Land Acknowledgement

Land acknowledgements are a way for institutions and organizations to recognize the history that lies at the foundation of their edifices, infrastructure, and community. The Corvallis Parks and Recreation department will work in partnership with the Confederated Tribes of Grand Ronde Community of Oregon and the Confederated Tribes of the Siletz Indians to develop a land acknowledgement that will be part of the curtain speech given before every main stage Majestic program performance. In this way, everyone who benefits from the Majestic will have the opportunity to reflect upon the history and heritage of the land they live upon.

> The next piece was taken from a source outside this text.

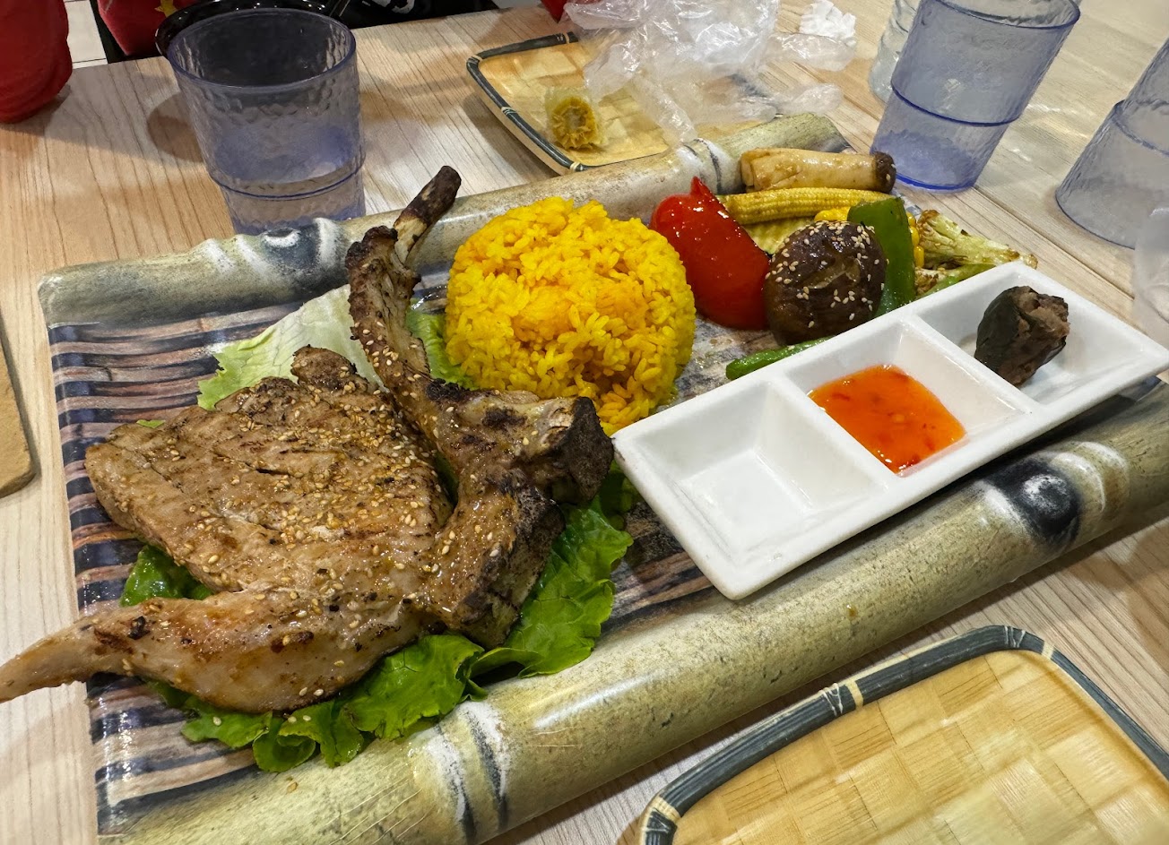 戰斧豬排手抓飯, 烤魷魚, 野菜湯, 烤雞腿排

The process that the Majestic Theatre initiated in June 2019 will take time and effort to generate the result of making the Majestic a home for our marginalized communities. But with the support of the excellent institutions that exist in our community such as the National Association for the Advancement of Colored People, OSU Office of Institutional Diversity, the amazing OSU Cultural Centers, Casa Latinos Unidos, the Corvallis Multicultural Literacy Center, the Disability Equity Center, and the multitude of other excellent organizations and opportunities for education and partnership in our community, all that needs to be done is before us. Now begins the process of doing. Now begins the conversations and partnerships that will turn the Majestic into a place where our marginalized communities feel welcome, wanted, and can call their home.